Images

Opening Education–the little things you can do

Jane Park, September 25th, 2009

By now, you’ve heard and/or used the term OER (Open Educational Resources) a ton of times. Whether you’re an advocate for open education, promoting the use, reuse, and adaptation of openly licensed educational materials, or an everyday user of them because you find them convenient and effective for your teaching or learning needs, you have contributed in some way to improving the educational landscape for everyone, everywhere.

But there’s a lot of little things you can do to improve education and the educational process no matter who you are and where you’re located. These are things you do all the time as part of your professional or personal routines, such as filling out forms about your job or project, writing up summaries or abstracts on papers you’ve researched, or describing and tagging photos (aka adding metadata). These activities are also integral to the functioning of many open education projects, which depend on efforts from online communities consisting of persons like ourselves. A list of these projects are growing on OpenEd’s volunteer page, which currently points to projects like dScribe and AcaWiki.

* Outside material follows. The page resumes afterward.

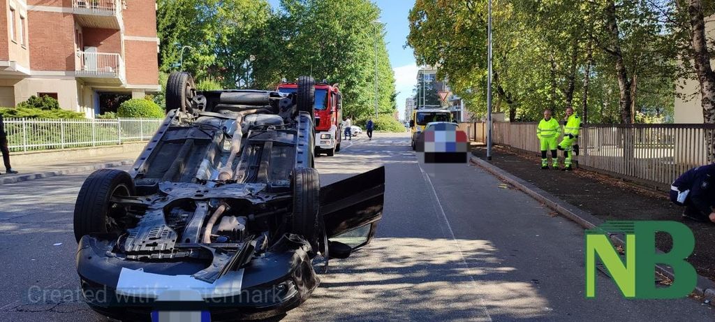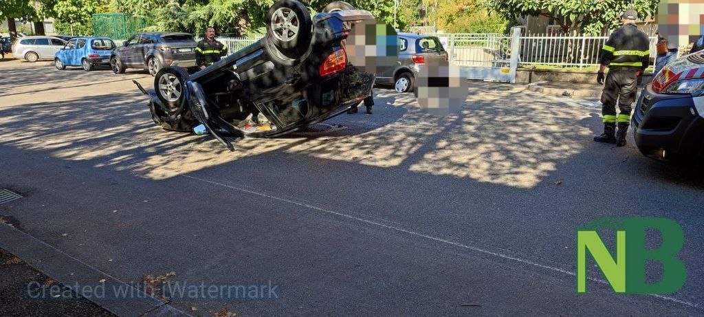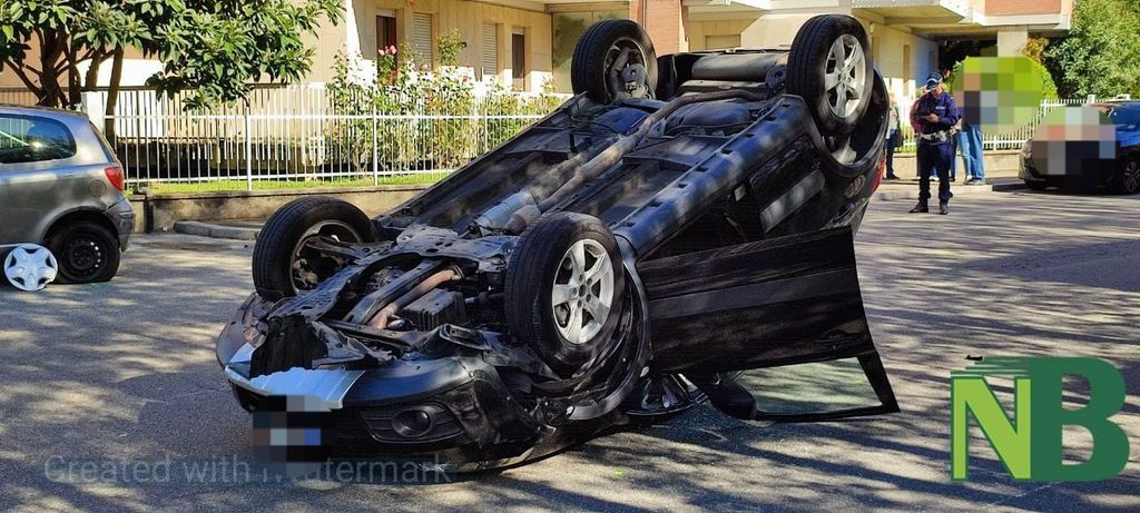 Per cause ancora da accertare, una macchina si è ribaltata e nella sua corsa è andata a sbattere anche contro un'auto in sosta.

If your project could use help on a specific activity, please add it here! OpenEd is a wiki; anyone can edit.

dScribe needs descriptions for their medical images
dScribe has created over 200 images to aid instructors in their teaching, but they need to be made discoverable first! You can help by adding tags and short descriptions for one or two images. All images and their accompanying info will be licensed CC BY.

AcaWiki could use those summaries and abstracts you’ve written
AcaWiki makes summaries and literature reviews of peer-reviewed academic research available to the general public via CC BY, allowing people like us to easily find desired information. If you’ve written summaries and reviews for papers before, now’s the time to make them useful by uploading those files to AcaWiki. And if you regularly research and write up abstracts for class or for your own good, you can easily make uploading them a habitual part of the process. It only takes a couple of extra clicks.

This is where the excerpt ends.